James Gunn takes full advantage of the R-rating that Marvel would never let him play with, balancing action-comedy with gory violence. If you thought Deadpool was violent, then prepare for a sensory assault. The movie knows what it’s selling and embraces its nonsense, combining on-set special effects, prosthetics, and practical effects from massive set pieces.

In one sequence, Peacemaker and BloodSport turn a supposed rescue into a competition, showing off their skills as they kill rebels in creative ways. In another, flowers burst from soldiers as Harley Quinn kills them and makes her escape.

But Gunn doesn’t dwell far too long in one character that it pulls away from the main narrative. There’s no over-reliance on horribly edited flashbacks and montages and jukebox soundtrack, which are some of the many things that this movie has learned from its predecessor.

This includes “Harley Quinn” in her element, treated more than Hot Topic-inspired eye candy. Idris Elba replaces Will Smith and finally gets an action role that works. These two are the main draws in the ensemble cast, but the rest pull their weight. John Cena stands out as “Peacemaker” and it’s no surprise there have been talks for his own TV spin-off.

Numerous videos and articles have been made about who will survive and who won’t.
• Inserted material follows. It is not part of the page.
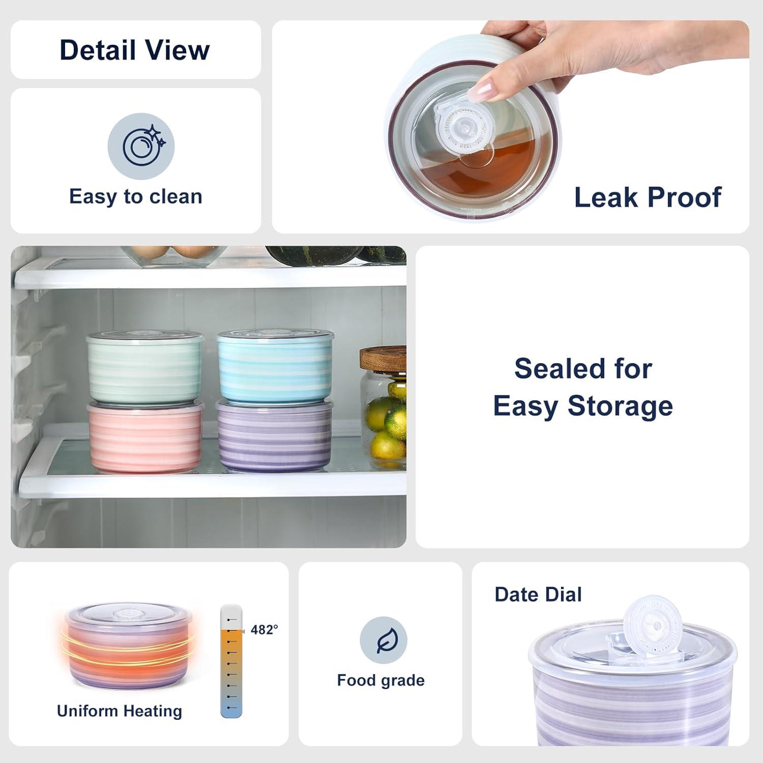 EFFICIENT STACKABILITY, SPACE-SAVING – These ceramic storage containers have smaller diameter and larger height which mean them take up less space in fridge than the plastic containers. The included covers make these storage bowls stacked well in the fridge or in your lunch bag/box to save space.
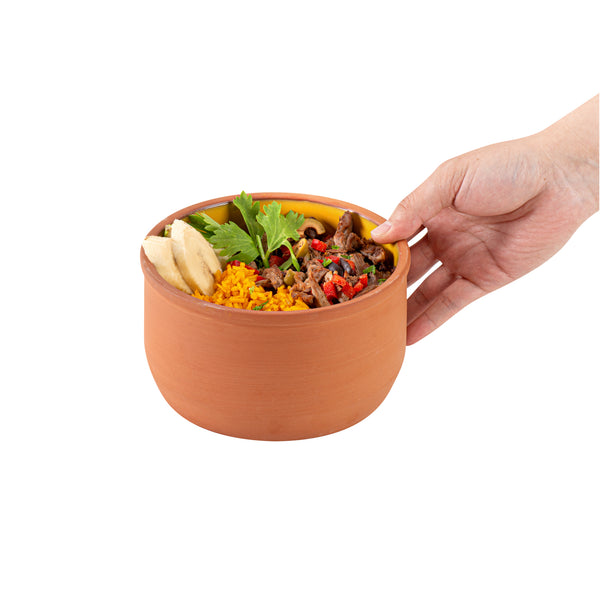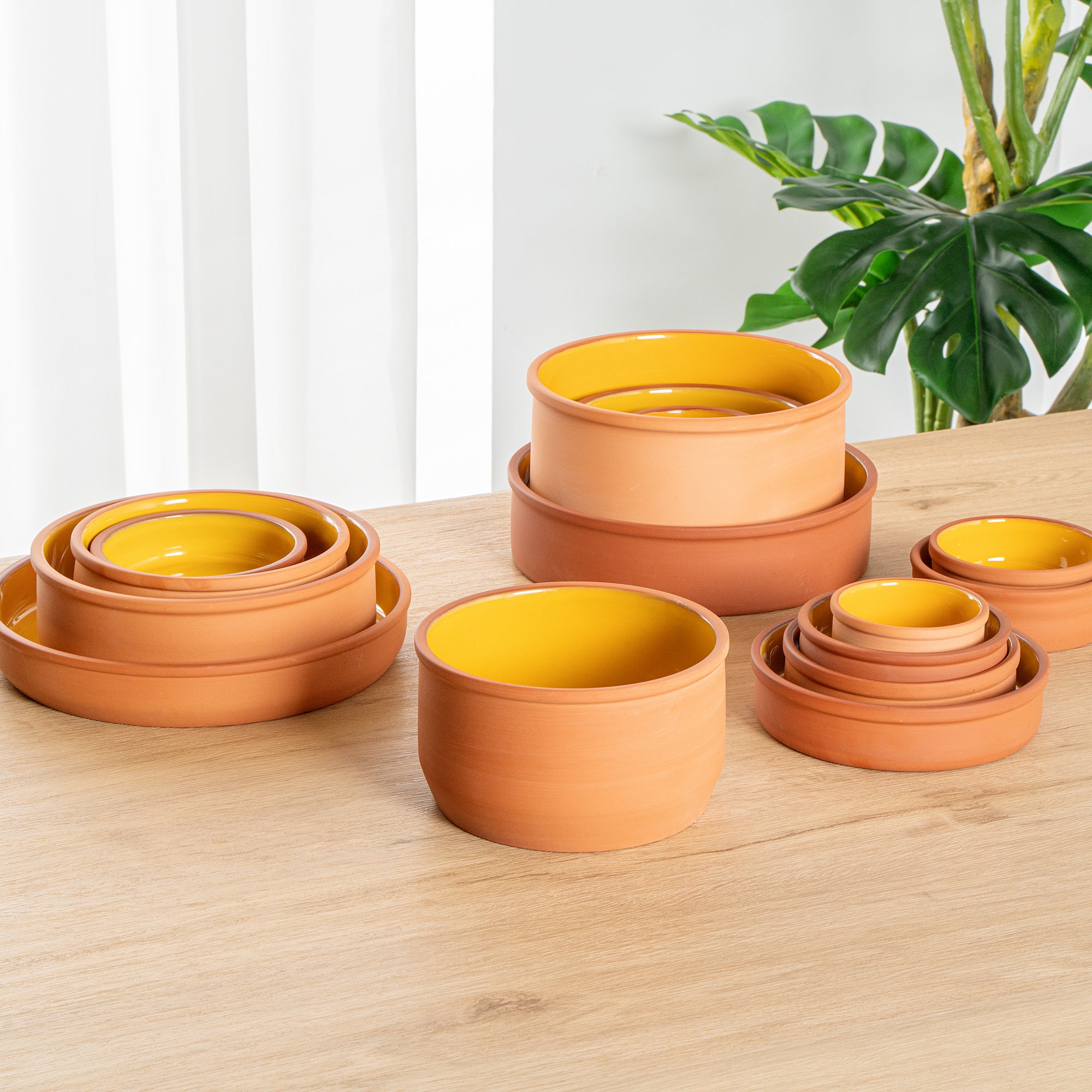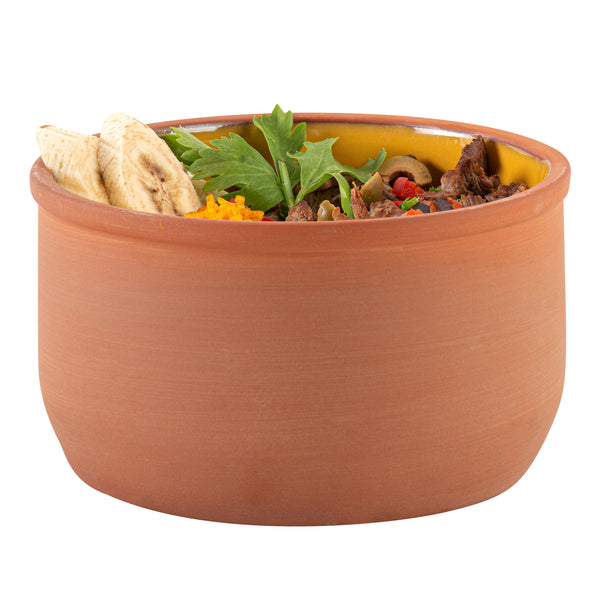 34 OZ TERRACOTTA CAZUELA BOWL - YELLOW GLAZED INTERIOR, OVEN-SAFE

It’s no surprise who manages to make it in the end, though some may lose a bet or two. I didn’t get attached to any of the characters but I am curious about sequels.

When the movie slides into the usual superhero routine of crumbling buildings, wide-scale city destruction, and the underdogs saving the day, Gunn keeps it focused on the characters and inserts a predictable but fitting message about what this movie ought to be in the first place.

There is also clever writing here about imperialistic forces disguising their war-mongering with nationalism, making “Starro The Conqueror” more of a victim rather than a villain. Amanda Waller reminds you of the cold chilling logic behind this mindset and Viola Davis finally gets to do what she does best rather than bark orders.

The Suicide Squad (Suicide Squad 2) accomplishes what it set out to do – deliver an enjoyable half-reboot/half-remake that gives you enough reason to skip Suicide Squad and Gangster Joker Leto.

The Suicide Squad

7

The Suicide Squad is an enjoyable superhero romp with an irreverent B-movie sense of humor, amusing cartoon violence, and no Gangster Leto Joker.